As soon as an issue like the NSA surveillance comes along (and by the way, it needs a name-BigDataGulp, perhaps?), we immediately start hearing charges of hypocrisy. When a Democratic administration does something normally associated with Republicans, we've come to expect everybody to give their partisan affiliations precedence over their prior substantive beliefs, and switch sides. So liberals should now be fervently defending the government's right to see who you called and read your emails, and conservatives should be decrying the expansion of the national security state. And most of all, everyone should be accusing everyone else of hypocrisy.
But weirdly enough, though there are some charges of hypocrisy, actual hypocrisy is in relatively short supply, outside of a few isolated cases here and there. I've spent the morning going around to websites of various political stripes, and amazingly, most commentators seem to be taking the same positions they did on this matter during the Bush years. Yeah, there are a few buffoonish conservatives like Michelle Malkin who will go on Fox News and say they're shocked, shocked, and what Barack Obama is doing is far worse than anything George W. Bush did, and there are some Democratic members of Congress defending the program (but they all voted for it when they supported the Patriot Act, don't forget). But on the whole what you're seeing are liberals and libertarians criticizing the NSA surveillance, just as they did when Bush was president, and conservatives sort-of defending it.
The whole thing is leaving some people unsure of what to say.

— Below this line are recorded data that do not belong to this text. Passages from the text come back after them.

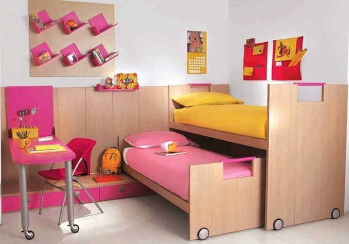 Украсете стаята в розови или прасковени цветове, като използвате оригиналния интериор. Нека момичетата усетят грижите и вниманието от родителите си.
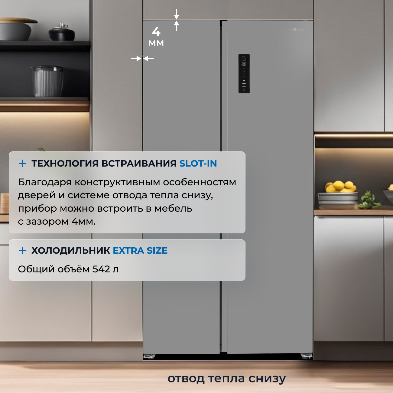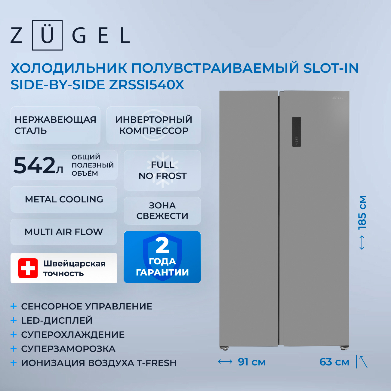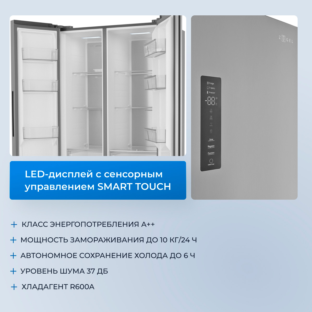 ZUGEL ZRSSI540X Холодильник Side-by-Side отдельностоящий
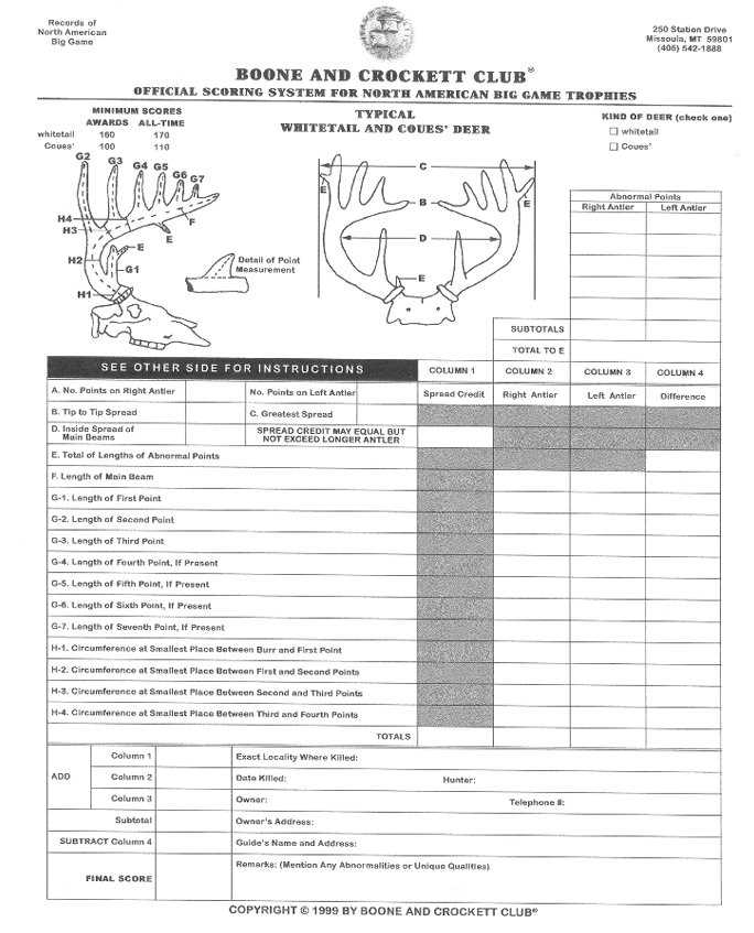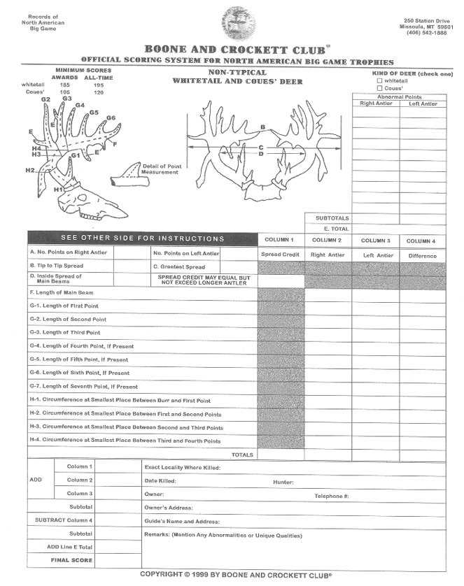 Boone and Crockett Score Sheets- Click for each scoring table.
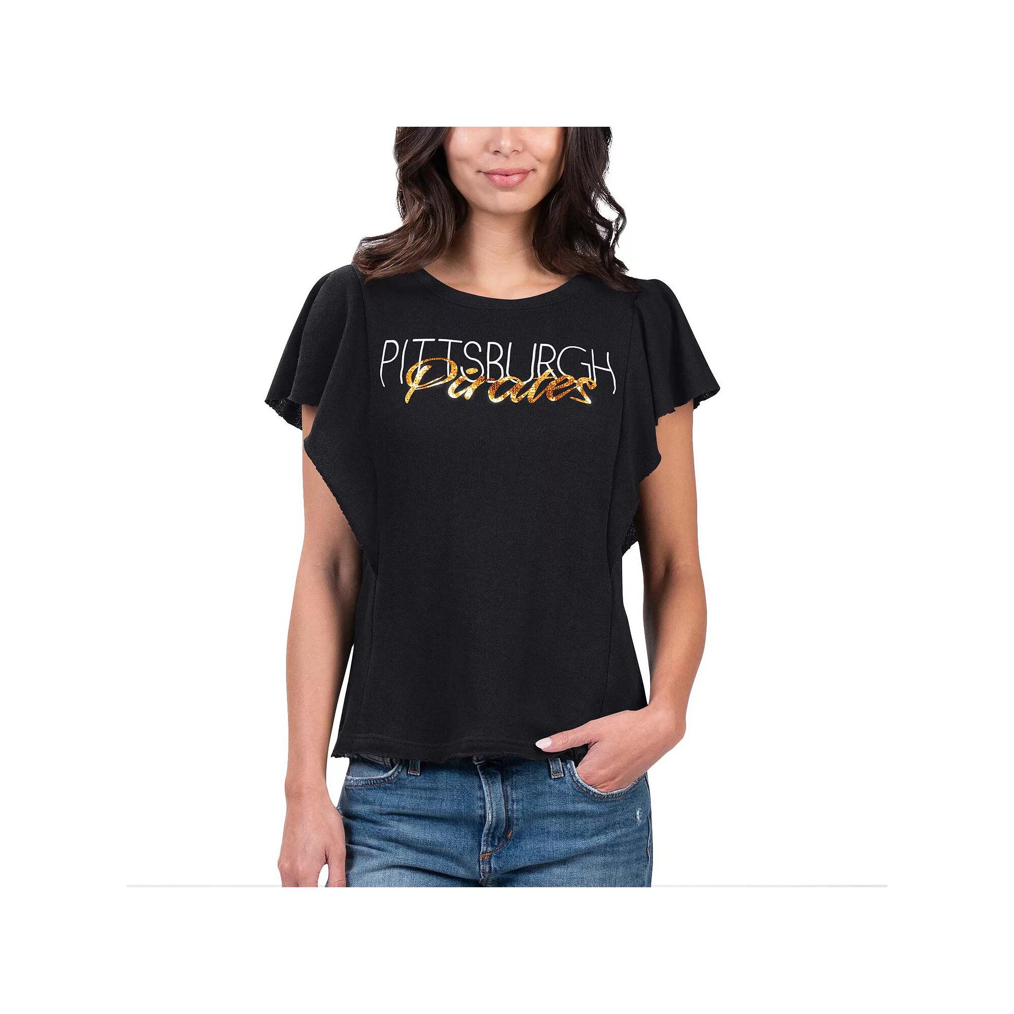 Make your Pittsburgh Pirates spirit sparkle in this Crowd Wave T-shirt. Its fashionable design from G-III 4Her by Carl Banks features the team name in shiny sequins and flared sleeves for a flowy touch. Blended material gives this Pittsburgh Pirates tee a softer and more comfortable feel.
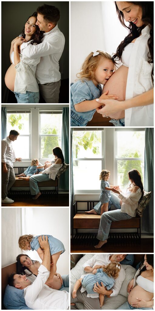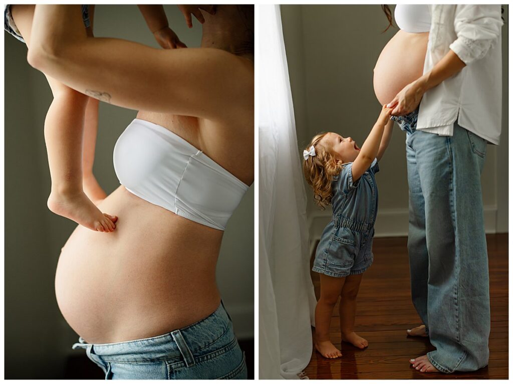 Your maternity session is for you and your growing family. Moments for you to look back on 20 years from now and think, dayyyyuuuummmm. Look at us!! Sessions are split into parts: lifestyle family and belly portraits. These parts can be help indoors or outdoors, maybe a combination of the two. Either way, capturing this window before your family grows again, is often an overlooked time. Parents think “my toddler will not sit still for maternity photos..” Guess what? They aren’t supposed to! Working with young children is my specialty. You do not want to miss the opportunity for maternity photos with toddlers.
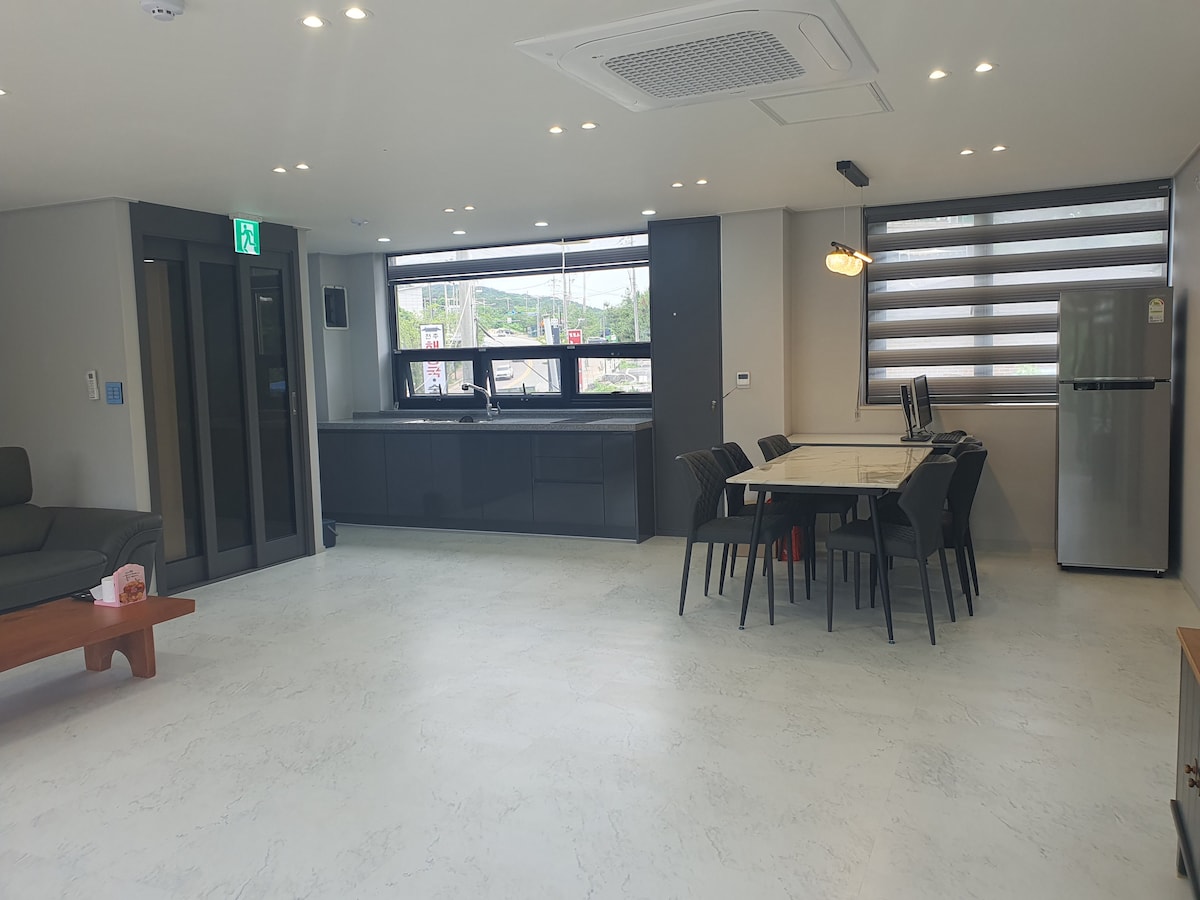 Hébergement pour 6 à 18 personnes C'est une grande pension privée adaptée aux grandes familles ou aux équipes multiples, ateliers d'entreprise, etc. Situé juste en face de la mer. La mer panoramique, les couchers de soleil magnifiques le soir et la vue sur le pont Gyodong sont également les meilleurs. Le barbecue est un espace indépendant, offrant un confort illimité à votre environnement.

For instance, on the Weekly Standard's website, I could only find one tiny blog post about the issue, and that post was nothing more than an excerpt from a press release from the Director of National Intelligence, offered without comment. National Review is paying more attention (see here or here), but in a remarkably restrained tone. Even Jonah Goldberg takes a break from berating liberal fascists to say, "Is this bad policy? Just because Obama might be a hypocrite for employing the tactics he decried when his predecessor used them, it doesn't mean he's wrong." The Wall Street Journal editorial page, never one to pass up an opportunity to criticize Democrats, defends the surveillance: "Amid many real abuses of power, the political temptation will be to tie data-mining into a narrative about a government out of control. Such opportunism can only weaken our counterterror defenses and endanger the country."
So some conservatives, at least, are not being hypocritical at all. They applauded the expansion of the security state when it was initiated by George W. Bush, and they're comfortable with it as it is continued under Barack Obama. It's fine to remind everyone that these are the same people who described a requirement to carry health insurance as the coming of Stalinist totalitarianism, but that doesn't make them hypocrites, it just means they have a particular conception of what freedom is, whether you happen to agree with that conception or not.
And liberals who support President Obama most of the time are hardly being restrained in their criticism. The New York Times editorial page is positively thunderous on the topic ("The administration has now lost all credibility on this issue"). The Washington Post's Eugene Robinson warns of the end of privacy. In fact, though I certainly haven't read everything, I haven't come across a liberal blog anywhere defending the policy.
Imagine that, a debate where most everyone is being intellectually consistent!